Kien and Phuong became inseparable, like a body and its shadow. They clung to each other as if there were no tomorrows, as if there were no time to lose and every moment should be spent together. At nights, in bed, they tapped Morse Code messages to each other on their dividing wall, and dreamed of the natural progression of their love, the ultimate intimacy.
Then came that wonderful April afternoon, with the cicadas singing and the flame trees in full flower, a day made for reckless abandon. Although all students were to dig trenches across the schoolyard that day, Phuong had come to school deliberately wearing her concealed swimsuit. When the formal ceremonies for the dedication of the trenches were about to start Phuong had whispered to Kien: ‘Let’s go. Leave the straw heroes to their slogans. I’ve got a really pretty swimsuit on, so let’s test it.’

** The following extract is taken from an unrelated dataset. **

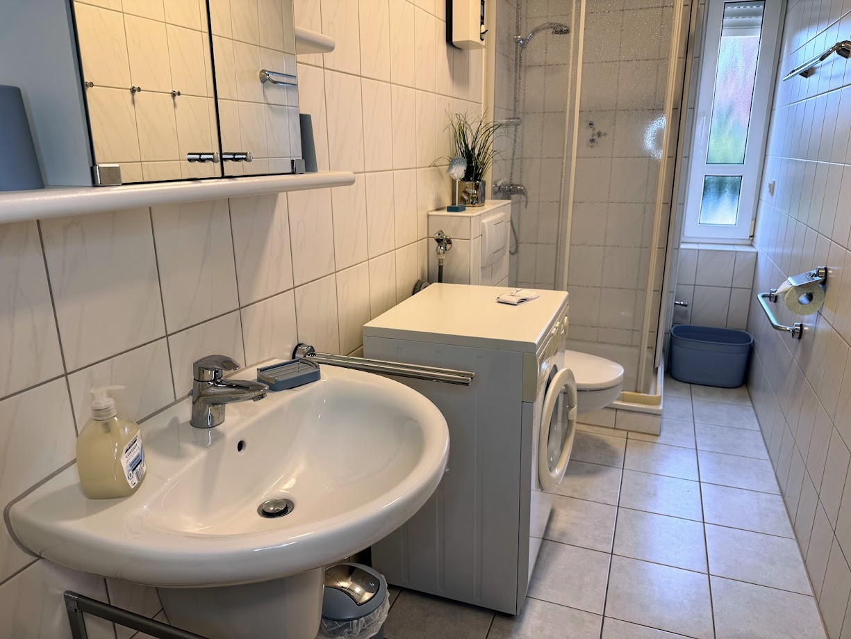 - Südterrasse sowie eigener Gartenanteil mit Gartentisch und Stühlen, Sonnenschirm und Strandkorb - Privater, abschließbarer Geräteschuppen mit Bollerwagen

They both swam out, far from the shore, not turning back until dusk. Exhausted and weary, Phuong clung to Kien. Night fell quickly and bright, scattered stars lit the sky. Kien carried Phuong in his arms, water dripping from her, and placed her gently on the fresh, cool grass. He lay down beside her, stimulated by the swim, bursting with health.
‘I’m exhausted,’ she said invitingly. ‘I just want to lie here forever.’ They lay side by side on the soft grass, hand in hand. A red streak appeared on the horizon, leaving a threadlike line down to the horizon. They whispered to each other as they watched it. ‘A sunrise in the west? A flare? If it’s a flare, it could be an alert. Didn’t hear the siren.’ Then, complete darkness and silence.